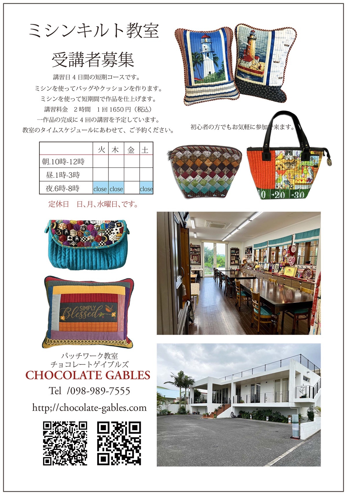 1クラス8人編成のキルト教室15クラスとキルトショップの運営を続けてきました。
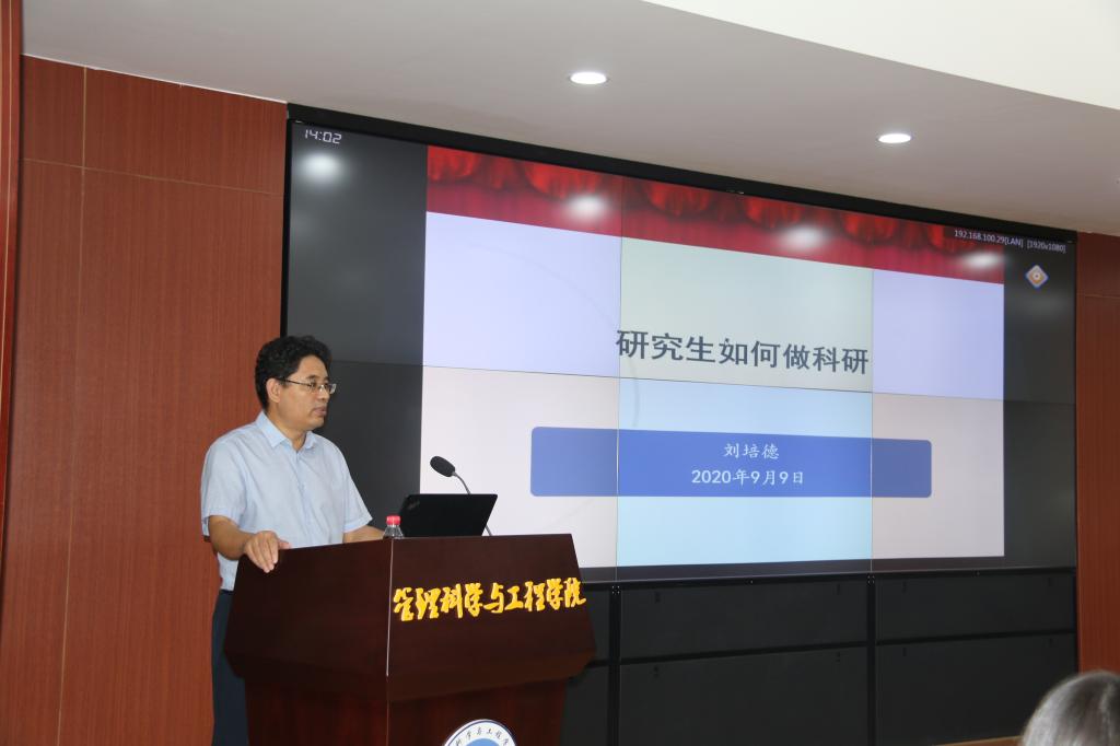 9月9日下午,2020级研究生新生入学教育系列讲座——《研究生如何做科研》在逸夫楼621召开。本次讲座由我院院长、博士生导师刘培德教授主讲,党委副书记朱翠珍主持,2020级全体研究生新生参与了本次活动。
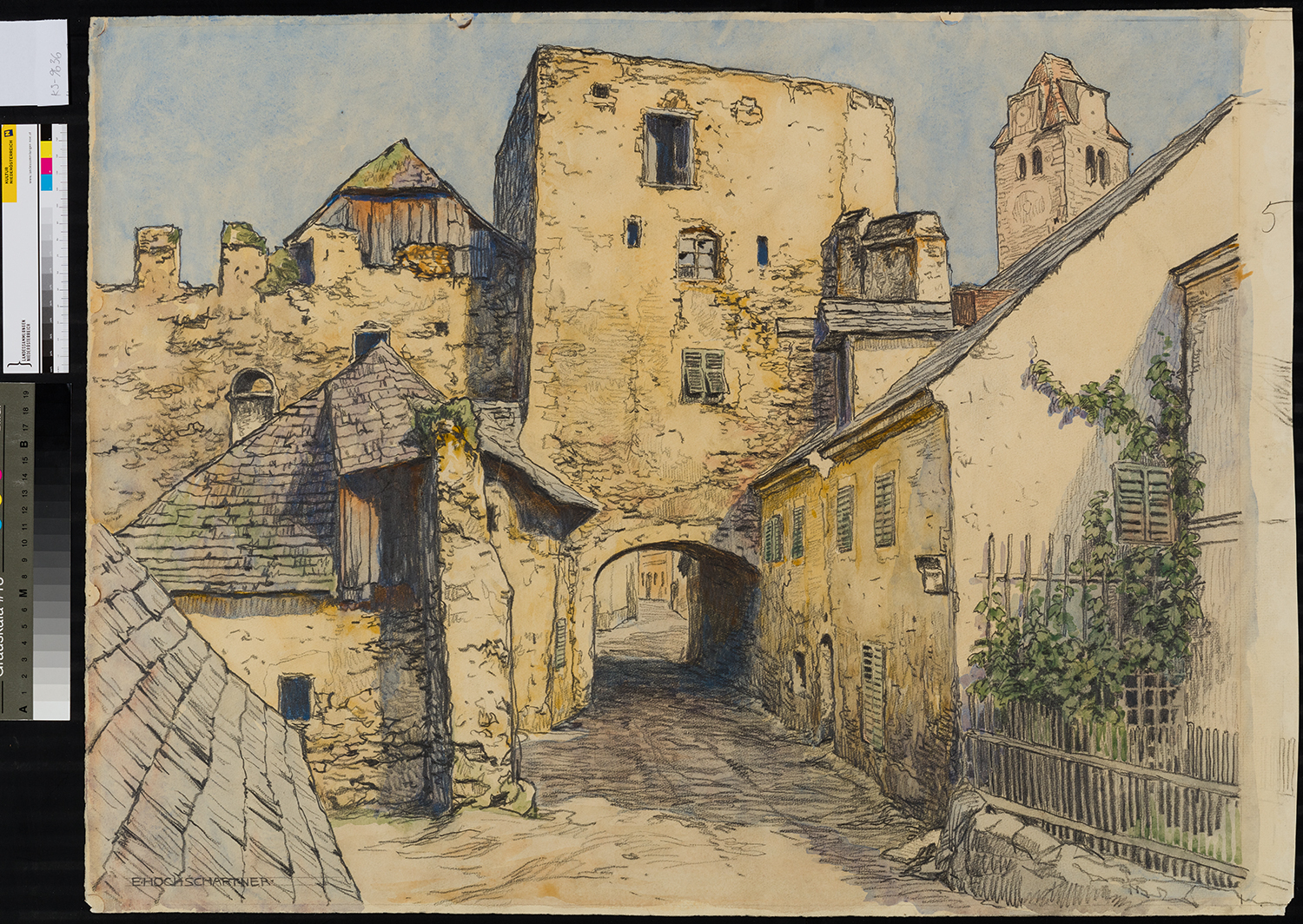 Material/TechnikBleistift, aquarelliert, weiß gehöht auf Papier
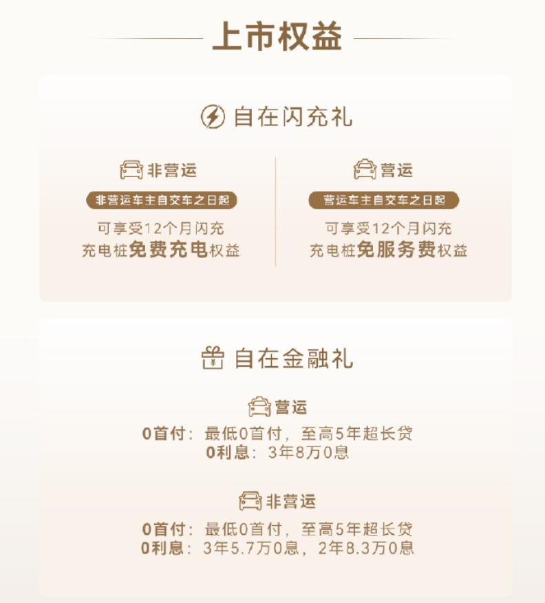 下定4重礼,包括闪充权益,营运车辆可以享受12个月闪充充电桩免服务费权益(仅限领先版和高能版)
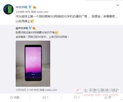2018年12月29日,中兴手机通过官方微博宣布,中兴是全球首家同时拥有5G网络和5G手机的通讯厂商。
####
--- WORK REQUEST ---
Make an exact printout of the listing above, omitting the images.

--- RESULT ---
 1クラス8人編成のキルト教室15クラスとキルトショップの運営を続けてきました。
 9月9日下午,2020级研究生新生入学教育系列讲座——《研究生如何做科研》在逸夫楼621召开。本次讲座由我院院长、博士生导师刘培德教授主讲,党委副书记朱翠珍主持,2020级全体研究生新生参与了本次活动。
 Material/TechnikBleistift, aquarelliert, weiß gehöht auf Papier
 下定4重礼,包括闪充权益,营运车辆可以享受12个月闪充充电桩免服务费权益(仅限领先版和高能版)
2018年12月29日,中兴手机通过官方微博宣布,中兴是全球首家同时拥有5G网络和5G手机的通讯厂商。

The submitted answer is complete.